[Almost OT] Re: Hangul jamo issues - are jamo sequences legitimate?

Yangwoo Ko newcat at icu.ac.kr
Wed Jan 10 01:59:19 CET 2007


Soobok Lee wrote:
> On Tue, Jan 09, 2007 at 10:29:16PM +0900, Soobok Lee wrote:
>> But see  http://www.hangul.or.kr/4-b23.htm  
>> (This is a scanned image of old HUN-MIN-JEONG-EUM HAE-RYAE texts
>> written by JUNG IN-JI (one of hangul inventors) in 15th century.
> 
> More:
> 
> You can look into 
>     http://www.hangul.or.kr/4-10.html 
> and http://www.hangul.or.kr/4-9.html  as well.
> 
> They contains words of consonant/vowel sequences in old sentences.

I am aware of these examples and they just reinforce my understanding 
that jamo sequences were not defined to be used by themselves. Though 
these examples show that we can use jamo sequences but they are all just 
for illustrative use. For those who don't understand Hangul/Korean, one 
of these examples can be interpreted (in a very poor way) as;

<poor interpretation>
EU, O, U, ... should be written below of initial consonant;
I, A, EO, ... should be written right-side of initial consonant;
Characters can make a sound ONLY WHEN they are properly composed...
</poor interpretation>

These use cases are very similar to Unicode code pages. Even though they 
include "parts" of characters, it does not justify that these parts 
should be understood and used by themselves even in very restrictive 
naming/identifier spaces.

> 
> Soobok
> 
>> You can see KI-YEOK and other jamos and even _jamo sequences_ are 
>> used in korean sentences as independent words. 
>>
>> KI-YEOK without vowel jamos should be pronunciated
>> according to the context,  mostly as "KI-YEOK", but in some 
>> cases pronunciated as having hidden vowel EU.
>>
>> vowel jamo O-AE without preceding consonant should be pronunciated
>> according to the context,  mostly as "O-AE",
>> as having hidden preceding consonant I-EUNG.

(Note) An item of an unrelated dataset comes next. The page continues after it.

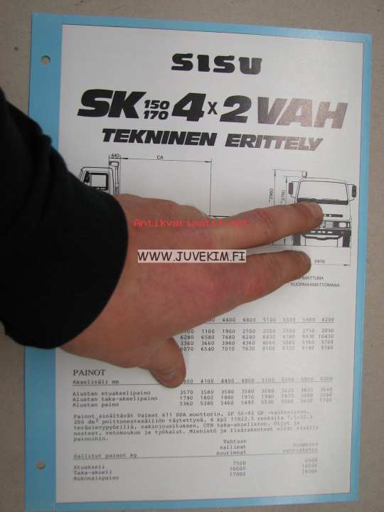 Sisu SK 150/170 4x2 VAH tekninen erittely -myyntiesite

Would send me pointers to documents supporting these arguments? It is 
very interesting to me.

>> Jamo sequences or single-jamo word is not a hangul syllable, but
>> had, ___ by definition ____, been legitimate from 15th century.

As argued above, my understanding is that they are just for illustration.

>> And, that is why we can see  jamo-containing words in dictionaries
>> and business names and book names etc.